# [Records supplied]
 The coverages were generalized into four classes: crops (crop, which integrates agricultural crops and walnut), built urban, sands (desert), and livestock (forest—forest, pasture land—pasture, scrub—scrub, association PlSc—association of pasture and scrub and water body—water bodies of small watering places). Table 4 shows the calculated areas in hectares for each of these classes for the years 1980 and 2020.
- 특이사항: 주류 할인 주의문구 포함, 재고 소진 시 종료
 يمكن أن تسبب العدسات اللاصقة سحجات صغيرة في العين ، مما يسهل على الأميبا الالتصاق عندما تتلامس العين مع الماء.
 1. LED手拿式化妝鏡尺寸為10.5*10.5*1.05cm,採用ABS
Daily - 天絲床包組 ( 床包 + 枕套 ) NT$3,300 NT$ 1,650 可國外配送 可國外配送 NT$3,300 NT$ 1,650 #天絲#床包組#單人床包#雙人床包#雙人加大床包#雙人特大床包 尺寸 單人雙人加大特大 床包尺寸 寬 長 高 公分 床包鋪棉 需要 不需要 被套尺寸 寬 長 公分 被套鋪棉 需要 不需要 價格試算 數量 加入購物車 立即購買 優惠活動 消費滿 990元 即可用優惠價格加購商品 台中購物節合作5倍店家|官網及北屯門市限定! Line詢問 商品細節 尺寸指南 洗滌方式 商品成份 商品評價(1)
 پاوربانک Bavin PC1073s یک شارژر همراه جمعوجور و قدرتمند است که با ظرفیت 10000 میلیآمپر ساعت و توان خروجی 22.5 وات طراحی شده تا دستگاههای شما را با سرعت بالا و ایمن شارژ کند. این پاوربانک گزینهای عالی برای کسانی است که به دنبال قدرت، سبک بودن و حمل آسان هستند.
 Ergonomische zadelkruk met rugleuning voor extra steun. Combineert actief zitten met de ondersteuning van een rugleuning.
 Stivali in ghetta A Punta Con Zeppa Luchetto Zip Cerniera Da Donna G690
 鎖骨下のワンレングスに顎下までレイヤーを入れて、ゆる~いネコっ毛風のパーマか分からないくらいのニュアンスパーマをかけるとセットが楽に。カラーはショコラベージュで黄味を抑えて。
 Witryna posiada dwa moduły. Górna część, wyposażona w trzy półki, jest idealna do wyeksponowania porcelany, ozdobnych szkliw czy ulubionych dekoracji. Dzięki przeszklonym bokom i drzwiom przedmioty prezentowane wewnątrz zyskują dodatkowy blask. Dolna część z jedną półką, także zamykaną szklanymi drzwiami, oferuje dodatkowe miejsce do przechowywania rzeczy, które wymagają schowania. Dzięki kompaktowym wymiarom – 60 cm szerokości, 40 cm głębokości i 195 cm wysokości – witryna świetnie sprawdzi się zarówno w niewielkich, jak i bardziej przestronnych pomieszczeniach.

--

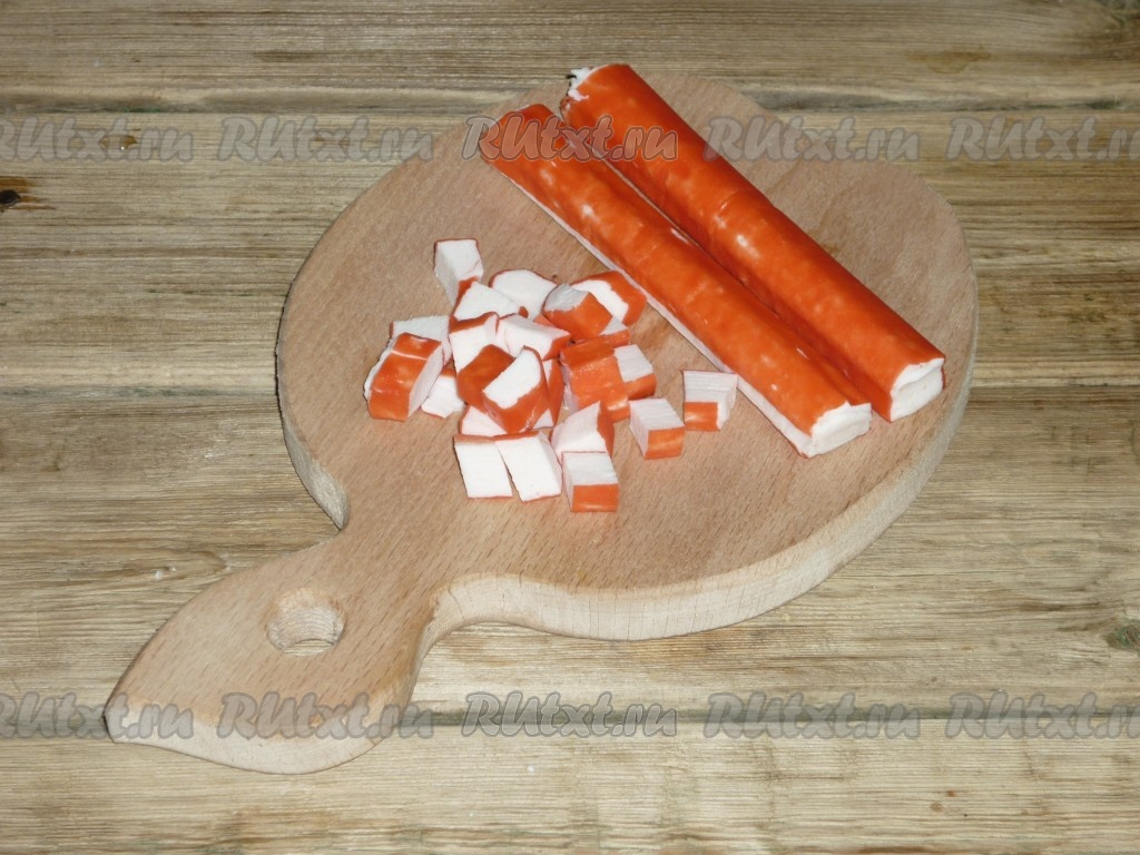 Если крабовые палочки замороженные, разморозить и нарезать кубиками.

# [Exercise details]
Only one stretch of the data above is needed. Restate it word for word, from the line containing "1. LED手拿式化妝鏡尺寸為10.5*10.5*1.05cm,採用ABS" through the line containing "鎖骨下のワンレングスに顎下ま", both ends included.

# [Finished exercise]
 1. LED手拿式化妝鏡尺寸為10.5*10.5*1.05cm,採用ABS
Daily - 天絲床包組 ( 床包 + 枕套 ) NT$3,300 NT$ 1,650 可國外配送 可國外配送 NT$3,300 NT$ 1,650 #天絲#床包組#單人床包#雙人床包#雙人加大床包#雙人特大床包 尺寸 單人雙人加大特大 床包尺寸 寬 長 高 公分 床包鋪棉 需要 不需要 被套尺寸 寬 長 公分 被套鋪棉 需要 不需要 價格試算 數量 加入購物車 立即購買 優惠活動 消費滿 990元 即可用優惠價格加購商品 台中購物節合作5倍店家|官網及北屯門市限定! Line詢問 商品細節 尺寸指南 洗滌方式 商品成份 商品評價(1)
 پاوربانک Bavin PC1073s یک شارژر همراه جمعوجور و قدرتمند است که با ظرفیت 10000 میلیآمپر ساعت و توان خروجی 22.5 وات طراحی شده تا دستگاههای شما را با سرعت بالا و ایمن شارژ کند. این پاوربانک گزینهای عالی برای کسانی است که به دنبال قدرت، سبک بودن و حمل آسان هستند.
 Ergonomische zadelkruk met rugleuning voor extra steun. Combineert actief zitten met de ondersteuning van een rugleuning.
 Stivali in ghetta A Punta Con Zeppa Luchetto Zip Cerniera Da Donna G690
 鎖骨下のワンレングスに顎下までレイヤーを入れて、ゆる~いネコっ毛風のパーマか分からないくらいのニュアンスパーマをかけるとセットが楽に。カラーはショコラベージュで黄味を抑えて。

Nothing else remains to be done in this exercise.